I'm swedish- the refrigerator I did NOT know
3:36 "One of the coldest countries in the world" is something of a stretch though. Half of Sweden can have about six months of pretty warm weather per year, making food like milk of meat go bad quickly. So Sweden is not like Siberia (not even the northern tip). Half of Sweden has milder winters than (say) Hungary or parts of the USA. I.e. inland climates.
True because most of the people live in Stockholm, Göteborg and Malmö and those are not very far north
You have potential to become very big just trust the process trust me
Apropos to the seat belt..
Now the American invention of making the semiconductor switch, the transistor ALSO was given to all humans to use for free...and that made up for a bit of the horrors the bombs over Japan brought is some way..

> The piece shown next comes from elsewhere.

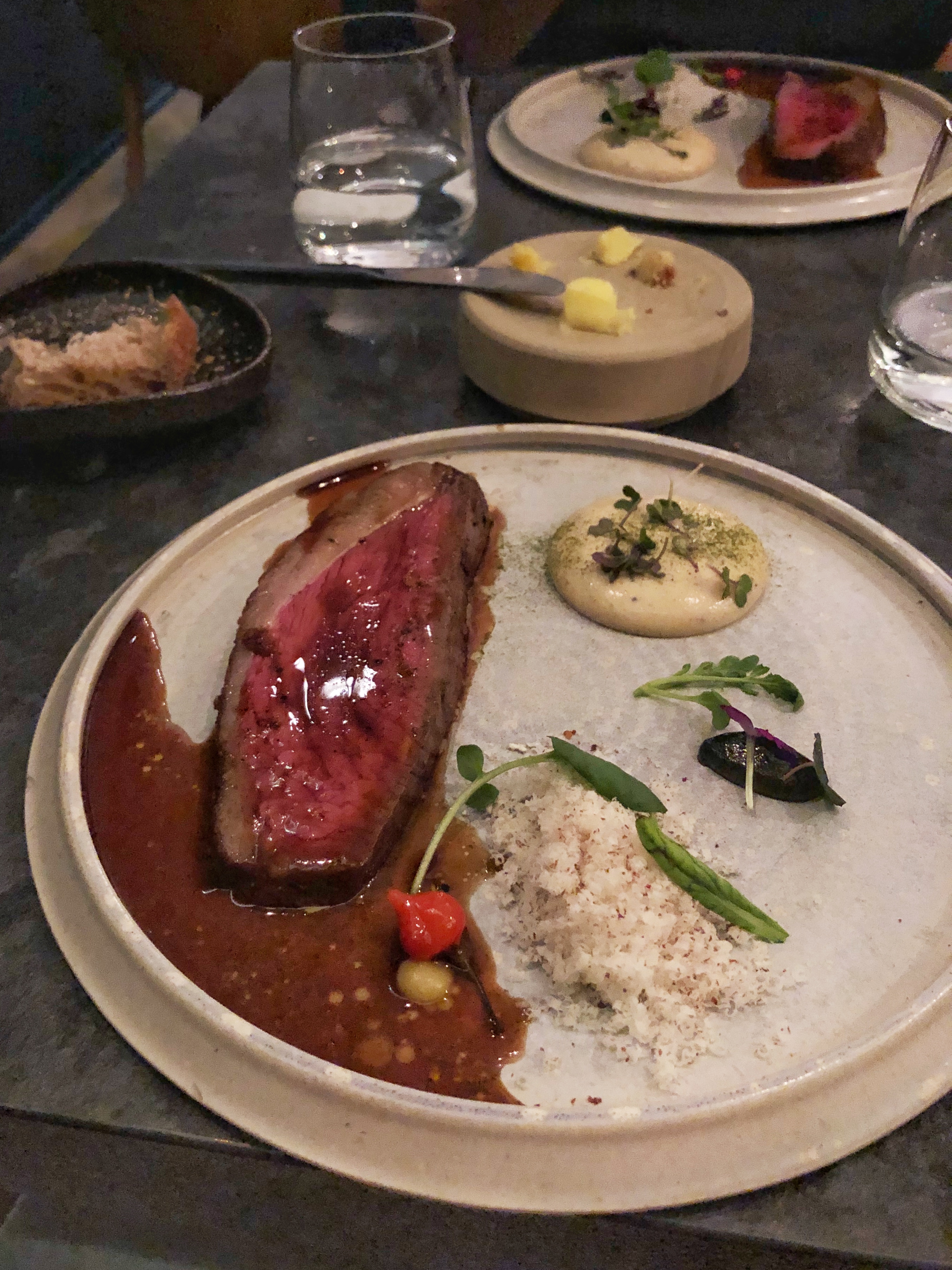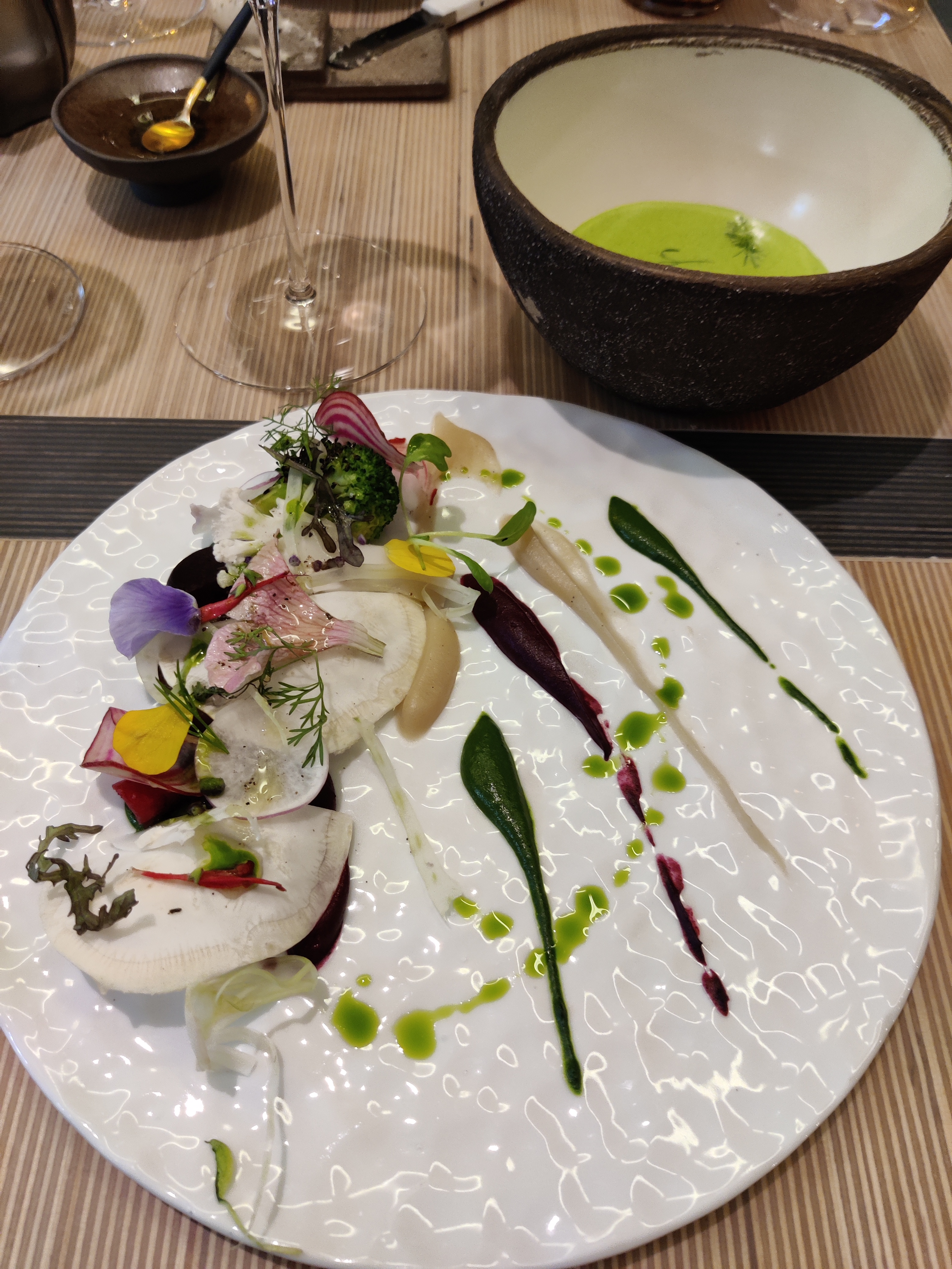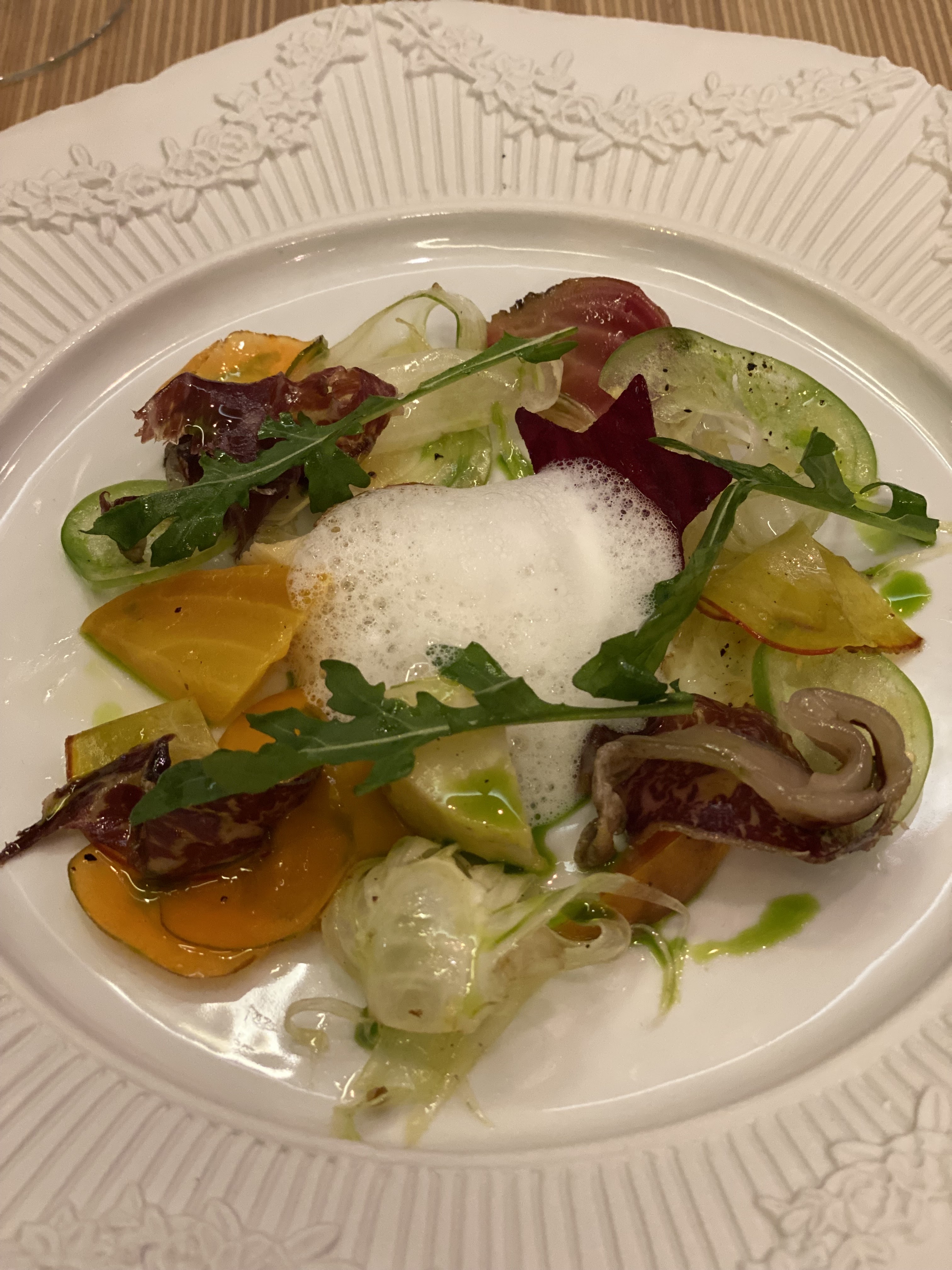 Dîner savoureux et beau - produits pas bon marché mais définitivement de qualité utilisés. Le fermier d'où provenaient les produits était également présent et nous a parlé. À mon avis, trop de service - de nombreux serveurs surveillent chaque mouvement que vous faites et remplissent votre verre d'eau après l'avoir mordu, vous ouvrant la porte des toilettes et vous aidant avec la chaise à chaque fois que vous vous levez ou vous asseyez. De plus, l'équipe de photographie professionnelle qui était là et qui photographiait et filmait le cuisinier et parfois nous-mêmes nous a fait nous sentir un peu incontrôlés et observés.
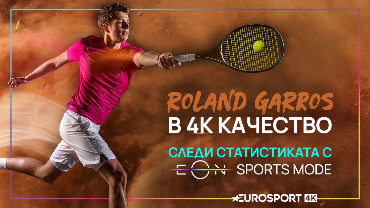 Vivacom ще излъчи финалите на Откритото първенство на Франция по тенис в 4K качество по спортния канал Eurosport 4K, част от EON. Освен всички мачове с финалистите, любителите на тениса ще могат да следят на живо подробна статистика и данни с EON Sports mode.

I know the bombs ended all other horror so its not to criticise..
But because the Japanese electro engineers used its posibillities to the fullest and Japan got to be a wealthy country by that alone.
Nice work!
Nobel CREATED the Nobel price because he was plauged with emence guilt for what his invention (that was intended to make explotions safe for miners or other building workers), was instead develloped to use to kill inocent people. His hope was that the price would make up for this horrible misstake, and would hopefully go to people fighting for a better future.
Lans also invented color graphics for computers.
Dynamite is a peaceful tool. It was made to better and safer use black powder in mining a to build roads. I mean, cars are an invention to and can be leathal, if I want it to be
Swedes didn't invent matches - there were matches before. We invented the safety-matches - the ones that you can only ignite if used in a certain way. The old ones you could ignite by a lot of means (including the Westerns - by brushing along your boots). If I'm not mistaken, the old ones even self-ignited.
It's kind of a Swedish theme - we do "safety"-anything. Like dynamite - that the main idea is that it is safe for transport. Nitroglycerine is very unstable and people died transporting it.